Generell habe ich mich aber einer Gruppe aus Menden/Hemer angeschlossen, die auch meist im Balver Wald unterwegs sind.

Sobald das Wetter wieder etwas besser ist, können wir aber gerne mal eine Tour planen, wo ich die schönsten Trails zeige. Was fährst du sonst so? Eher Tour oder knackige Trails?


----------



## Bikeman (25. März 2018)

Hallo, 
grundsätzlich hätte ich auch Interesse. Was für Strecken werden gefahren? Ihr wollt ja sicher nicht ständig auf mich warten ;-) 
Viele Grüße aus Fröndenberg 
Thorsten


----------



## CrossX (25. März 2018)

Warten ist kein Problem. Allerdings sind die Strecken stellenweise schon technisch anspruchsvoll.
Steil, Absätze und auch mal die ein oder andere Spitzkehre sollten dich nicht verzweifeln lassen.
Andererseits kann man die Touren natürlich auch entsprechend der Teilnehmer entschärfen.

Was fährst du denn sonst so?

Jetzt wo es abends länger hell ist, können wir auch gerne mal in der Woche los. Zwei Stunden reichen schon für ein paar spaßige Trails.

Für die große Runde brauchen wir aber etwas mehr Zeit. Das sind etwa 35km und 1200hm. Bergab dafür ca 90% Trails


----------



## Bikeman (2. April 2018)

Ich hab dir mal ne PM geschickt.


----------



## CrossX (2. April 2018)

Im Moment sieht es Zeitmäßig eher schlecht aus bei mir, aber ich habe im Mai bei den vielen Feiertagen mal vor, eine schöne Tour anzubieten.
Was gefahren wird, entscheiden wir dann nach Teilnehmerwunsch. Von Endurorunde mit knackigen Trails bis gemütliche Panoramatour kann man ja alles machen.


----------



## ollibike (11. Mai 2018)

Hallo zusammen,
ist das hier noch aktuell?
VG Olli


----------



## MTB-News.de




----------



## Bikeman (21. Mai 2018)

Gute Frage, morgen kommt mein neuer Dämpfer dann könnte es wieder losgehen.


----------



## CrossX (21. Mai 2018)

Am 31.05 um 9:30 mache ich eine Tour ab Balve Bahnhof.

Ca 32km und etwa 1200Hm.
Es wird gemütlich gefahren und ich wollte so viele Trails wie möglich mit nehmen.

Am du Lust hast, kannst du dich gerne anschließen.

Es wird allerdings keine Anfängertour, die Trails sind teils recht anspruchsvoll


----------



## rubenson (22. Mai 2018)

Klingt gut!
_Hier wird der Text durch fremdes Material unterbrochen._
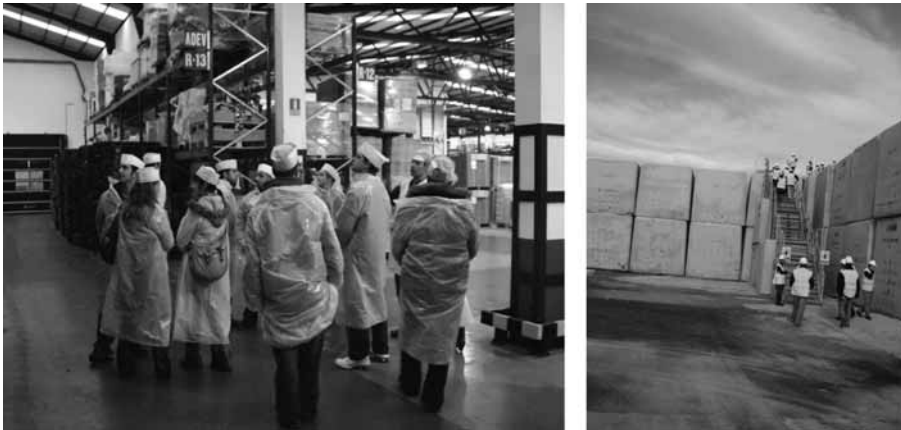
Figura 1. Visitas realizados con los alumnos en enero de 2006.

De modo complementario, las clases prácticas se han visto enriquecidas con la visita a empresas (figura 1) adaptadas a los conocimientos adquiridos en el aula, donde los alumnos pueden observar en un entorno real algunos de los problemas analizados en clase y las dificultades a la hora de buscar sus soluciones.
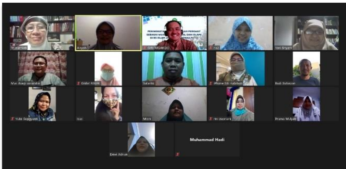
Gambar 2. Koordinasi dan Pembentukan Forum Komunikasi Preceptor Klinik RS Islam Jakarta Cempaka Putih, Agustus 2020
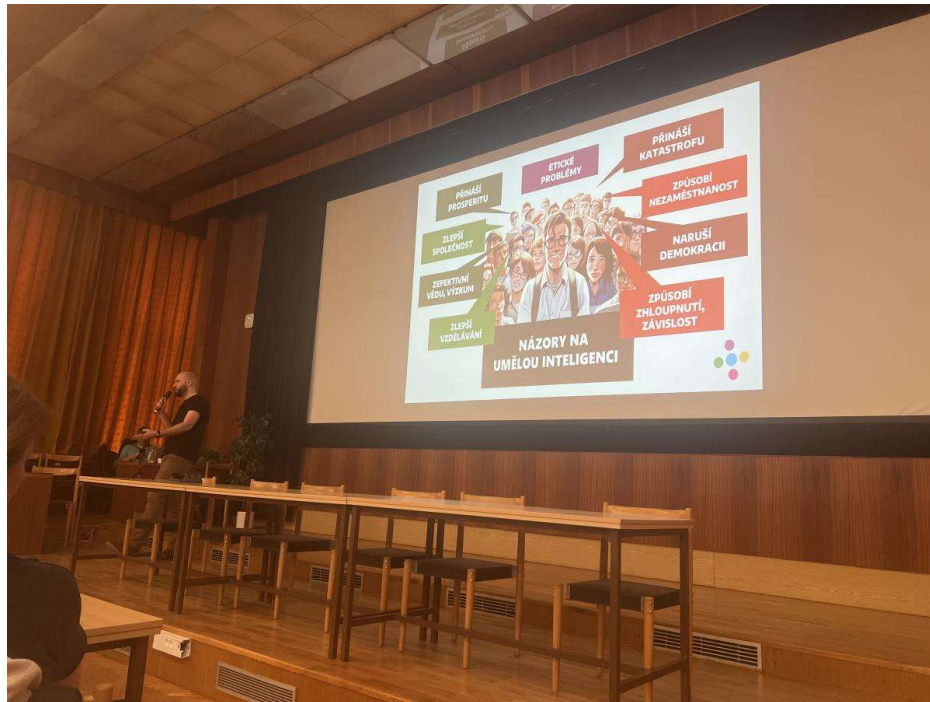
Kyberakademie – vzdělávací kurz pro strážníky v oblasti kyberkriminality
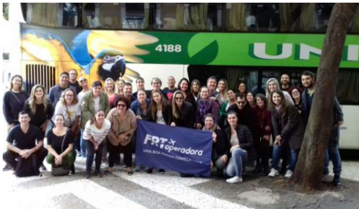
Figura 2 - Caravana Festival das Cataratas.

A rede hoteleira de Foz do Iguaçu, parceira do Festival das Cataratas, disponibilizou cortesias e tarifas especiais para os agentes de viagens, operadores de turismo e demais participantes do evento. Os Hotéis parceiros foram: Manacá, Bella Itália, Recanto Cataratas, Wyndham, Bogari, Carimã, Viale Cataratas, Tarobá, Vivaz Cataratas, Luz Hotel, Águas do Iguaçu, Continental Inn, Viale Tower, Luz Hotel, Hotel Salvatti, Hotel Alvorada, Hotel Turrance, Iguassu Holiday, Pousada Caroline e Pousada Evelina. A Figura 1 mostra uma caravana em parceria com uma operadora de viagem.
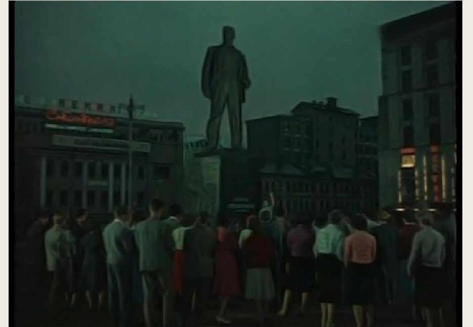
Кадр из фильма «Леон Гаррос ищет друга», 1960 г., реж. Марсель Палиеро

Ich würde mich gerne anschließen!


----------



## ollibike (22. Juni 2018)

Hallo zusammen,
gibt es einen neuen Termin für die Tour ?
VG
Olli


----------



## ollibike (17. Juli 2018)

https://lastminute.mtb-news.de/event/16927


----------



## sammy12300 (4. August 2018)

Hey,
steht mal wieder was an an Touren?


----------



## MTB-News.de




----------



## CrossX (4. August 2018)

Bei dem Wetter? Höchstens mit dem Rad ins Freibad. 
Ich warte erst mal auf den Wetterumschwung, bevor ich mein Rad wieder aus dem Keller hole


----------



## sammy12300 (4. August 2018)

Och, ich finde man aklimatisiert sich so langsam. Ist ja am Gardasee auch  nicht anders. Bei uns fehlt eigentlich nur der große See und ein paar Höhenmeter und nen paar viele Steine


----------



## DaCrazyP (5. August 2018)

sammy12300 schrieb:


> Och, ich finde man aklimatisiert sich so langsam. Ist ja am Gardasee auch  nicht anders. Bei uns fehlt eigentlich nur der große See und ein paar Höhenmeter und nen paar viele Steine


Was ist denn mit dem Sorpesee ?


----------



## Potts (23. August 2018)

Moin,
da das Wetter wieder angenehmer ist, wie sieht´s aus mit einer Runde. Bin auf der Suche nach anspruchsvollen Trails im Raum Arnsberg. Würd mich gerne einer Runde anschließen.


----------



## IWA (27. September 2018)

hallo,
streckenprofil klingt super, höhenmeter und knackige trails! kenne mich in der ecke nicht aus, würde aber gern mal eine tour mitfahren. gibts wenn aus der ecke der mir das gebiet mal vorstellt?


----------